My confinement lady played a big role during my confinement. Everyday, I look forward for her to come so I can at least talked to her. She was really helpful and could be the really one to cheer you up again. Although it is quite expensive, but I think it's worth. She pampered me and being my friend throughout my confinement. Her massage sure made me relax but when she got home, left me and my baby alone, again, I started to feel lonely and lost.
So, I really think it is important for new mothers especially to have company at all times. And support. If you ever come to visit ladies in their confinement, please watch your words and understand their feelings. They are the most sensitive and fragile at that point of time. I don't understand why some people who came to visit like to compare their own experience and condemn the new mothers on what she does, what she doesn't know, how she handles the baby and stuffs? Please, give space and support. Orang tu dah lah baru bertarung nyawa, korang sedap-sedap je nak komen macam-macam alangkan awak tu perfect parents sangat duhh. I even got remark that I ended up getting a c-sect because I've sinned towards my husband!! Oh my, what was on your freaking twisted mind?

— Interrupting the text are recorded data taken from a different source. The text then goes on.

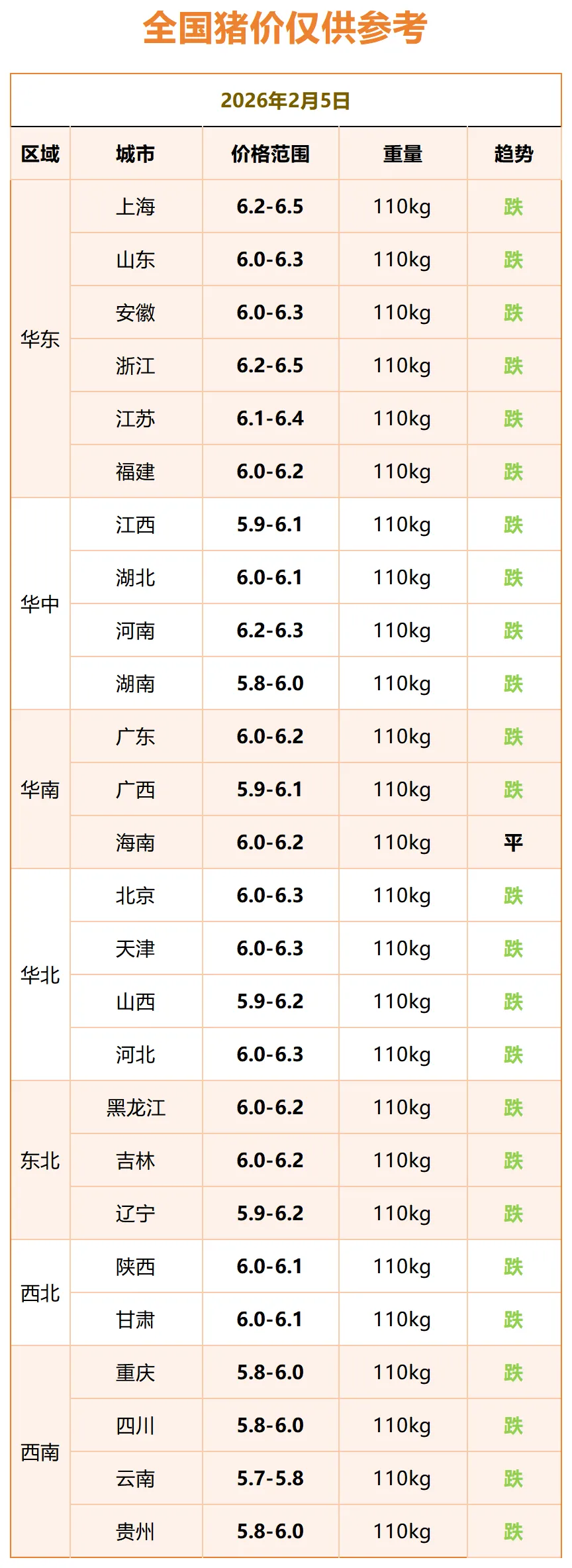 明日猪价早知道~全国地区猪价下跌只有一个地区猪价持平! 养羊网 2026-02-04 明日猪价早知道~全国地区猪价下跌只有一个地区猪价持平!猪价播报2026年2月5日全国猪价播报全国猪价播报~END~长按识别二维码关注我们 养羊网 2026-02-04 上一篇:明日猪价 | 2026.2.5日~全国各地最新猪价 下一篇:全国猪价情况:今日立春~人随春好、春与人宜、愿一切美好如期而至、你我共迎春暖花开 您可能还会对下面的文章感兴趣111: 相关文章 近期价格更新!!! 2025年4月13日全国各地生猪价格信息 2025年4月13日全国各地生猪价格信息 真的可以尽早完成自己的原始资本积累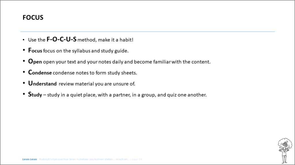 Wat kan je zoal verwachten bij LerenLeren? Hieronder wat slides die een grove richting geven. Meer daarover later in detail op deze website. let op! Dit is geen officiele informatie van een onderwijsinstelling. Slechts in eigen vrije tijd gemaakt door Rudolph Regter om studenten extra support te geven en het makkelijk te maken.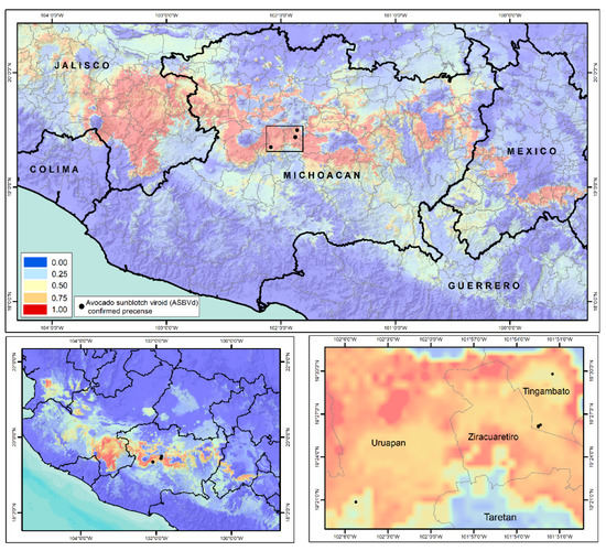 The actual status of ASBVd in México is considered as “Present, Restricted Distribution” [55] according to the ISPM No. 8 “Determination of pest status in an area” [66]. Recent reports confirmed the presence of ASBVd in the Michoacán State in orchards located in the Tingambato Municipality (four orchards) [17,28,67] and Uruapan Municipality (one orchard) [26,54,68]. Michoacán and Jalisco are the principal states which make up the geographic region where the “Hass” avocado is cultivated (avocado belt), and the area shows high entropy values (Trans-Mexican Volcanic Belt) for the establishment of avocado, so it is important to implement major measures to prevent viroid dispersion [67] (Figure 5).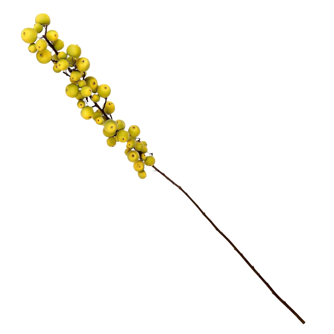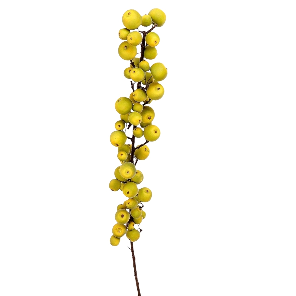 HBX artificial branch of an apple tree with small green apples. The branch has a full appearance with several fruits along the stem and a length of approx 135 cm. The slightly flexible stem makes it easy to shape as desired. Suitable for use in vases, floral arrangements or seasonal decoration.

It is funny to think sometime that these type of people has so many spree times to mind other people's businesses. They maybe feel superior to condemn the mother newbies at any opportunities. And I am not ashamed to admit, I fell to be the victim. Please, untuk semua bakal ibu out there, prepare youself, brace yourself and pekakkan telinga if anyone trying to tell you this and that. You are the mother and your kids are your right! Hope my story here will make you better and remember that you are not alone. It could happen to anyone.